Enterprise software ecosystems are sprawling, and the revenue argument for documenting them is sharp. The average enterprise now manages 897 applications across departments (up from 843 in 2023, a 6.4% year-over-year increase), yet only 29% of those applications are integrated, according to MuleSoft's 2025 Connectivity Benchmark Report. This creates an ever-expanding web of disconnected tools, and procurement teams are aggressively trying to consolidate workflows.

During assessment, buyers are primarily concerned with a software provider's ability to provide integration support (44%) and their willingness to collaborate (42%), according to Gartner's 2024 Global Software Buying Trends report. Integration capabilities have shifted from a "nice-to-have" to a strict pass/fail requirement. Buyers are not asking whether you integrate. They are asking exactly how deeply you integrate with the core systems they already run.

A coverage matrix answers that question without a sales call. It also serves three operational purposes:

  • Reduces inbound support tickets: Customers stop asking "does it sync custom fields?" because the documentation already answers it.
  • Pre-qualifies enterprise deals: Security and architecture teams audit your matrix to ensure their specific data models are supported before booking a demo.
  • Forces internal discipline: You cannot publish a matrix you haven't actually built. The exercise itself surfaces architectural gaps.

If you do not explicitly document what your API integration coverage matrix includes, technical buyers will assume the worst. You will be cut from the vendor shortlist before your sales reps even know there was an active deal.

The Difference Between Integration Breadth and Depth

When building an integration strategy, product teams often obsess over breadth: hitting the arbitrary milestone of "100+ integrations" to look competitive with a massive logo wall. But enterprise buyers buy on depth.

Mid-market companies moving upmarket to enterprise establish software vendor selection criteria based heavily on scalability and integration capabilities. They need to know the plumbing actually works for their specific workflows.

Breadth is Marketing. Depth is Revenue.

Breadth means you support OAuth for 50 CRMs. Depth means you document supported objects in API integrations, detailing exactly which endpoints you interact with, which operations are supported (Read, Write, Update, Delete), and how you handle pagination, rate limits, and custom fields.

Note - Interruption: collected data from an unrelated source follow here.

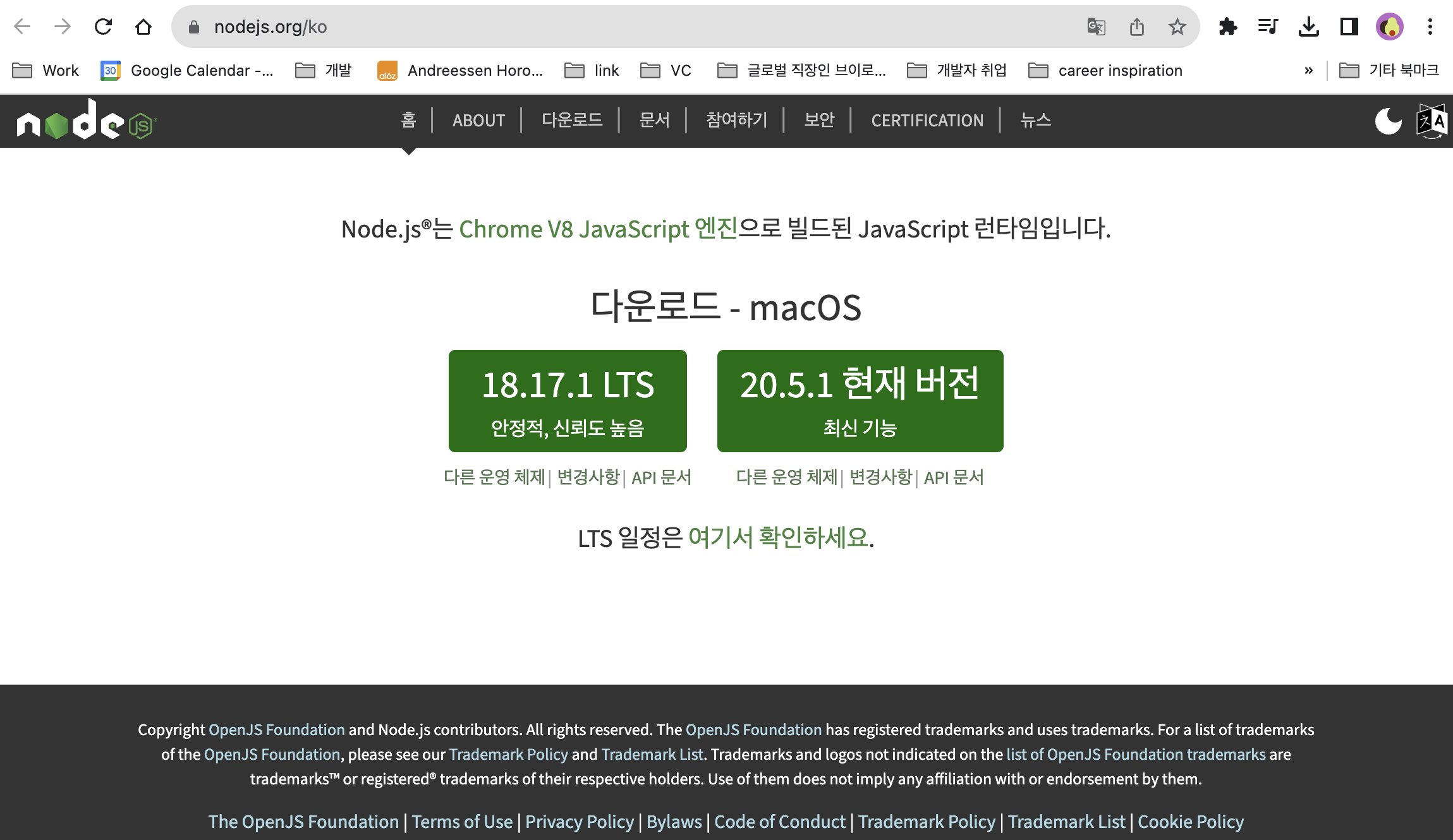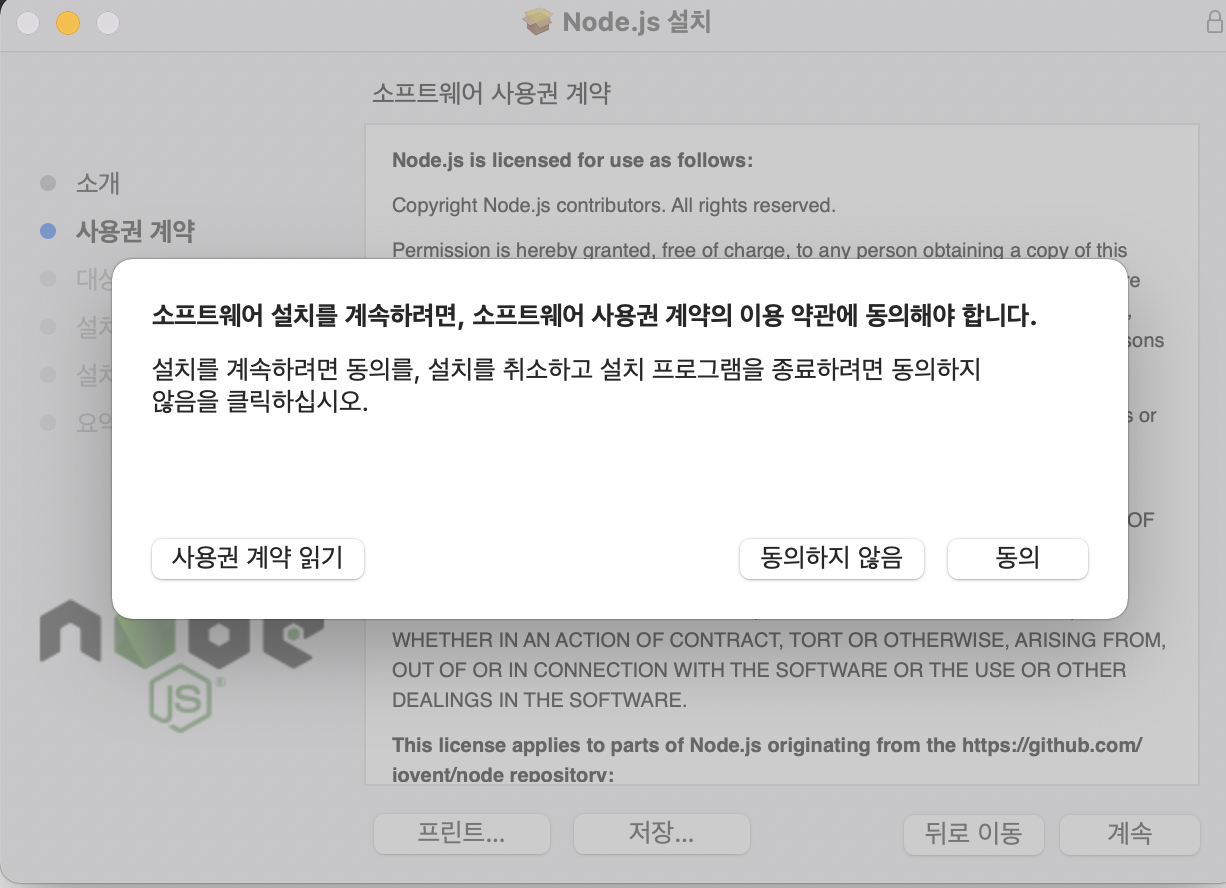 "Welcome to Node.js (version)" 이 나오면 정상적으로 설치된 것이다.
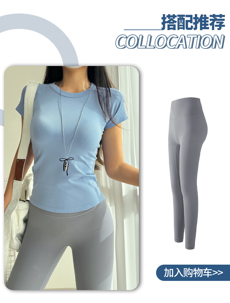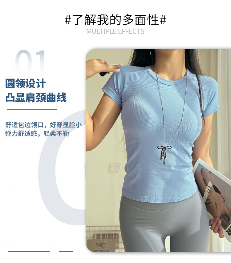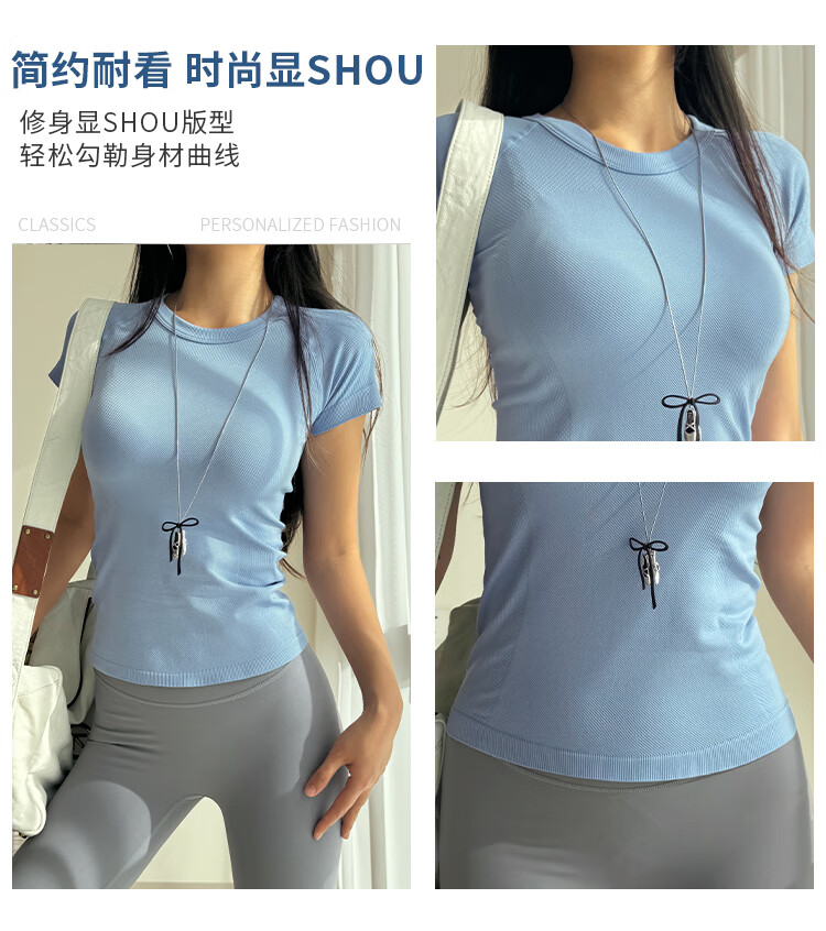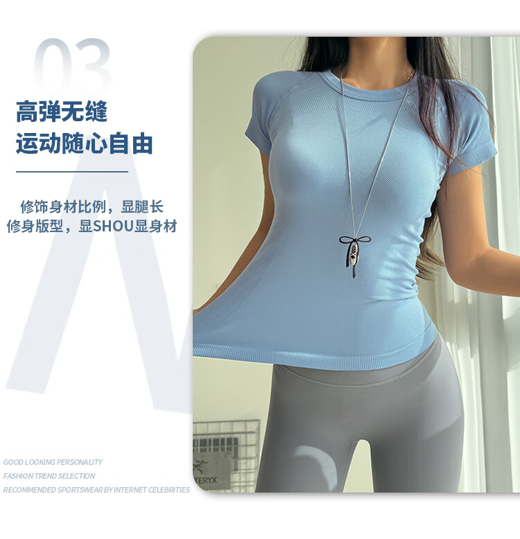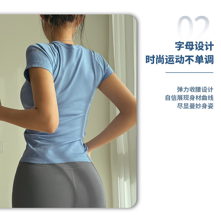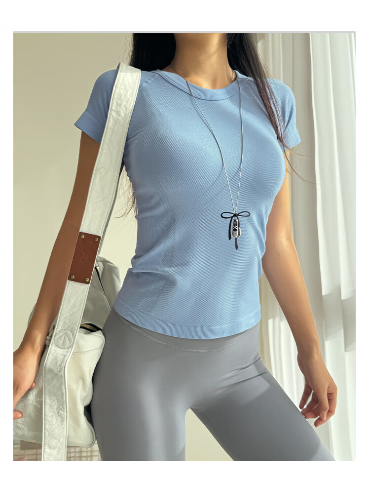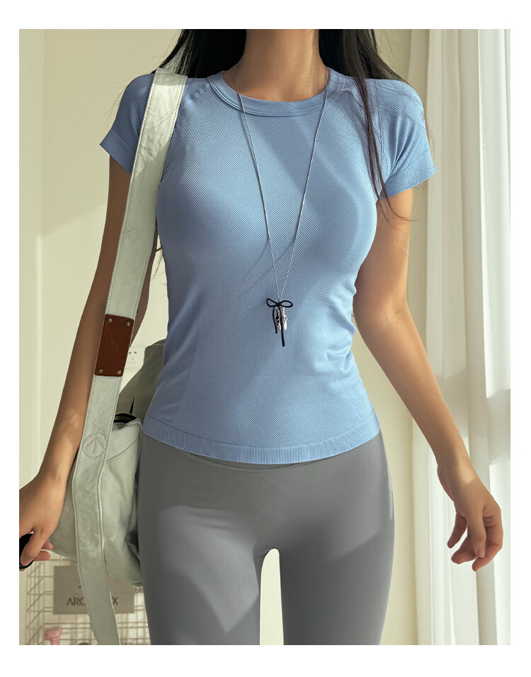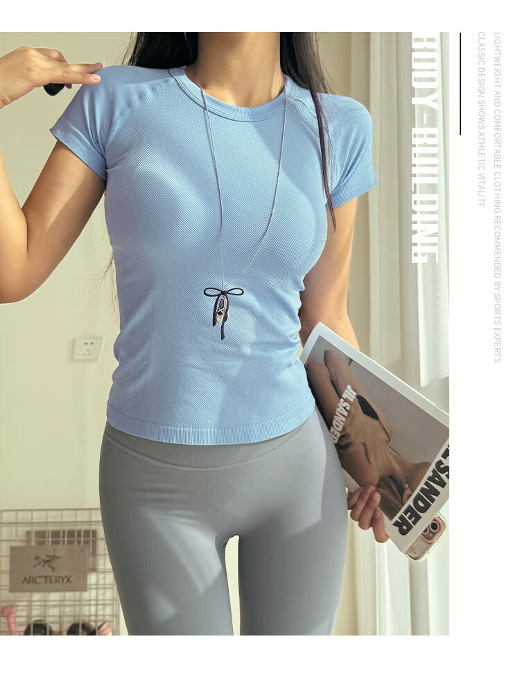 LULUUVTTOH summer seamless sports yoga clothing tops women's short-sleeved quick-drying running t-shirt breathable Pilates training fitness clothing light blue S
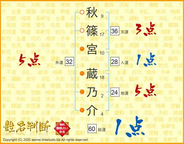 秋(9画)篠(17画)宮(10画) 蔵(18画)乃(2画)介(4画)
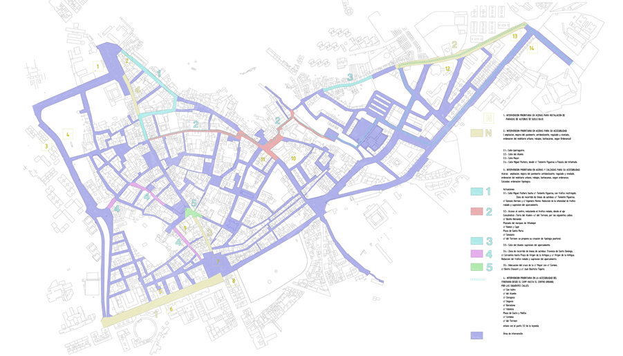 The study about the improvement of urban accessibility in the city of Guadalajara, aims to carry out an analysis of the urban fabric of the city, its infrastructure and equipment, identifying deficiencies and barriers in the field of architectural accessibility, and providing different proposals of actions. As a first objective, two areas of action have been defined in the city, where it is intended to establish priority itineraries in which to intervene to make accessible. In successive phases, these itineraries will increase by creating an accessible mesh that guarantees the free movement of citizens.
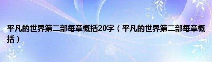 平凡的世界第二部每章概括20字(平凡的世界第二部每章概括)
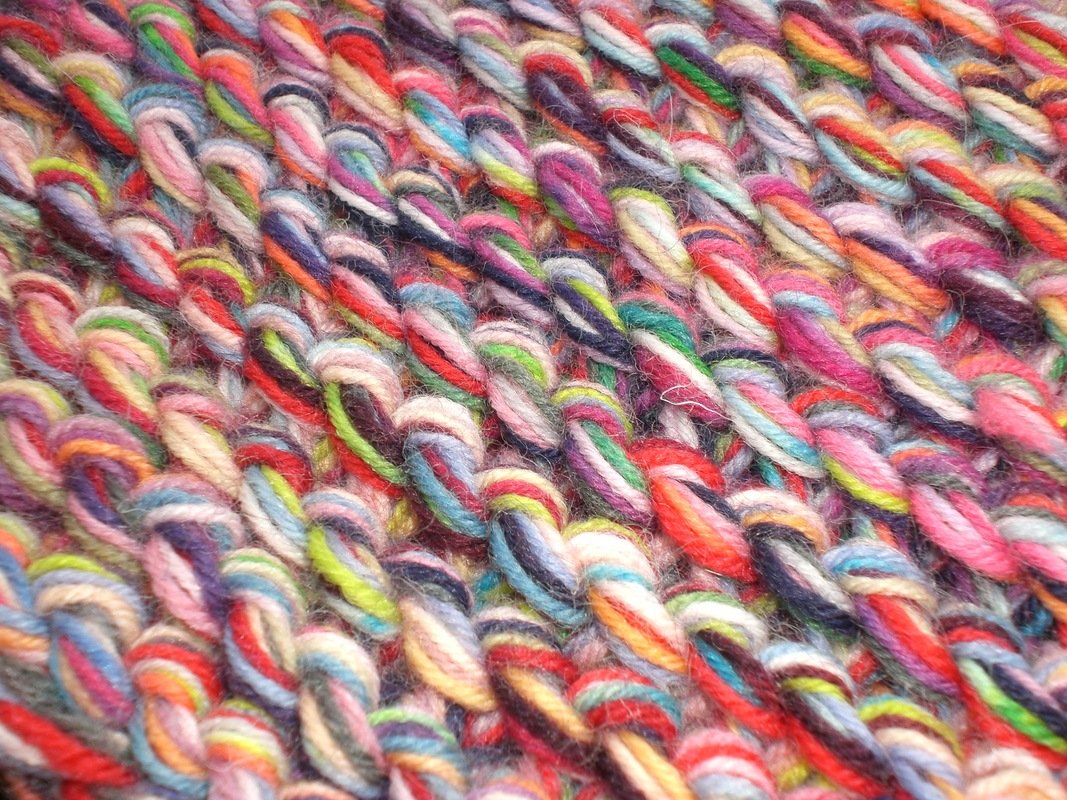 Kunterbunte Sockenwollreste ca 170g für eine Decke von 30x30cm.
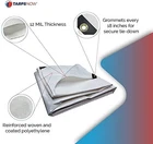 ๐๐๐ซ๐ฉ๐ฌ๐๐จ๐ฐยฎ offers premium-grade white heavy-duty tarpaulin covers that are cost-effective and suitable for a wide variety of industrial, commercial, or construction tarp applications. These versatile tarps are crafted from premium grade 3 Ply material and both sides are coated with a solid polyethylene that is incredibly durable, waterproof, and flexible. They can last long through complicated building jobs. These poly tarps feature Hems reinforced with rope, heat-welded seams, and Arctic temperature flexibility, so they can withstand even the toughest conditions. They will not be torn easily. The color is white. The canvas tarps are crafted with aluminum grommets in the corners for secure tiedown and spaced approximates every 18-inches around the perimeter. You can create a "tent" for camping, fairs, and more outdoor activities with our tarp cover sheet. Perfect for picnics or groundsheets, covering vehicles like cars, trucks, trailers, boats, agricultural materials, furniture, etc. ๐ ๐๐๐ญ๐ฎ๐ซ๐๐ฌ: Premium-grade white heavy-duty tarpaulin covers Constructed of 3 Ply material and both sides are coated with a solid polyethylene Incredibly durable, waterproof, and flexible Flexible and provides long-lasting durability Fabric Weight: 6 oz. Per Square Yard Mesh Count: 12 x 14 Mesh count per square inch Denier: 1200 With aluminum grommets Great for construction, agriculture, commercial and industrial applications ๐๐ฅ๐๐๐ฌ๐ ๐๐จ๐ญ๐: Each heavy-duty white tarp is cut to size making the finish 6โ-8โ inches smaller than the full size shown. HEAVY-DUTY POLY TARPS: This heavy-duty poly tarp is constructed of premium grade 3 Ply material and both sides are coated with a solid polyethylene that is incredibly durable, waterproof, and flexible; making them dense and durable. They can last long through complicated building jobs. INDUSTRIAL GRADE: Our tarps have a 12 x 14 Mesh count per square inch and hems reinforced woven with rope and coated polyethylene finish to prevent edge wear and deformation. Withstand against tough weather conditions to remain flexible even under harsh arctic temperature conditions. MEASUREMENT AND COLOR: The size of this tarp cover is 10' X 40' (Actual Size 9'-6" X 39'-6") and the weight is 6 oz per square yard. The thickness is 12 Mil for maximum coverage and protection. The color is white. ALUMINUM GROMMETS: The poly tarp covers are crafted with aluminum grommets in the corners for secure tiedown and placed every 18 inches, giving the tarps sturdiness and structure. MULTIPURPOSE USES: Our poly tarp cover is usable both indoor and outdoor. Great for construction, agriculture, commercial and industrial applications. It is also easy to keep clean.
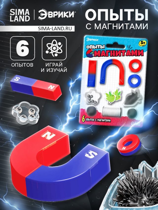 Набор «Опыты с магнитами» знакомит с основными законами физики. Набор помогает отвлечься от гаджетов и провести время с пользой и удовольствием. Ребёнок проведёт 6 увлекательных опытов, узнает принцип работы магнита, научится работать с материалами, следовать инструкциям и проводить самостоятельные исследования.
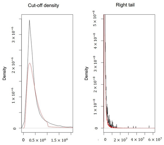 Left, comparison between cut-off density functions. Right, empirical and theoretical (red) right tail.
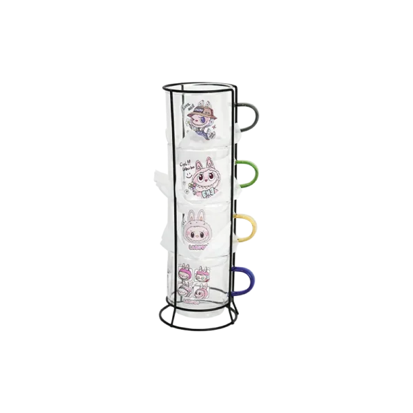Comes with a sleek black metal stand that keeps the cups neatly stacked — perfect for saving counter space and stylish display.
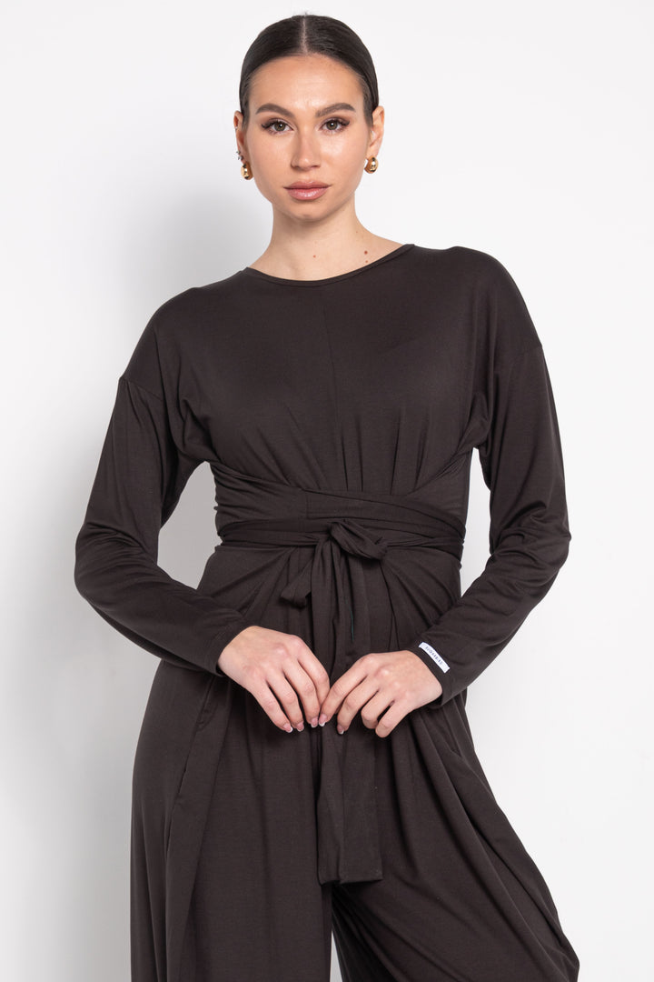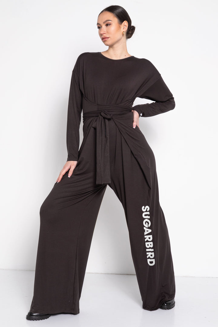 Hosszú és bő szárú, hosszú ujjú, lazafazonú overál. Zárt nyakkivágása keskeny pánttal szegett a hátán egy hasíték felett gombbal záródik. Oldalába rögzített hosszú kötőjével a derékon többször átfűzhető. Ujján SUGARBIRD feliratú címkével díszítettük.
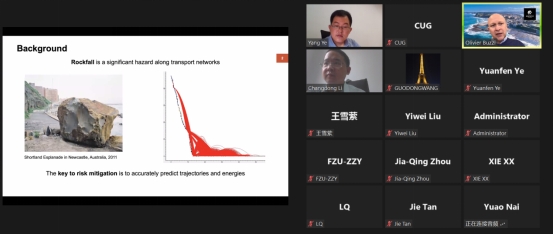 (通讯员:叶阳)2022年6月29日上午,应pp电子官方网站(武汉)唐辉明教授和叶阳特任教授邀请,澳大利亚纽卡斯尔大学Olivier Buzzi教授应邀作客2022年第6期“重大地质灾害预测与防控学科”111创新引智基地系列学术讲座。讲座采用Zoom在线会议形式,由叶阳特任教授主持,李长冬教授、张奇华教授、周佳庆特任教授、祝国强副研究员以及武汉大学、重庆大学、成都理工大学、西南交通大学、长安大学、中国地质调查局成都工艺所、昆明理工大学、三峡大学等多个单位50余名师生在线聆听了此次报告。
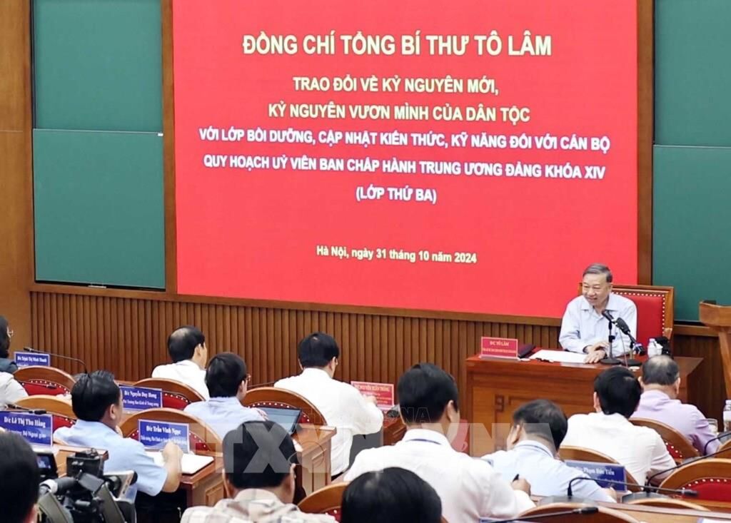 | Tổng Bí thư Tô Lâm trao đổi với các học viên cán bộ quy hoạch Ủy viên Trung ương Đảng khoá 14 về kỷ nguyên mới, kỷ nguyên vươn mình của dân tộc chiều 31/10/2024, tại Học viện Chính trị Quốc gia Hồ Chí Minh. Ảnh: Thống Nhất – TTXVN |

Here is the distinction in operational terms:

Dimension Breadth (Logo Wall) Depth (Coverage Matrix)
What it answers Do you connect to X? What can you actually do with X?
Buyer signal Marketing Engineering review
Maintenance cost Low High (must stay accurate)
Deal impact Shortlist entry Shortlist survival

Consider the difference in how these two approaches communicate value:

  • Shallow Documentation: "We integrate with Jira to keep your engineering team in sync."
  • Deep Documentation: "Our Jira connector supports bidirectional sync for Epics, Issues, and Sprints. We support full CRUD operations on all standard Jira fields, automatically discover and map your Jira Custom Fields, and utilize Jira webhooks for real-time state updates with a maximum latency of 3 seconds."

Only the second statement gives a solutions architect the confidence to sign off on a purchase.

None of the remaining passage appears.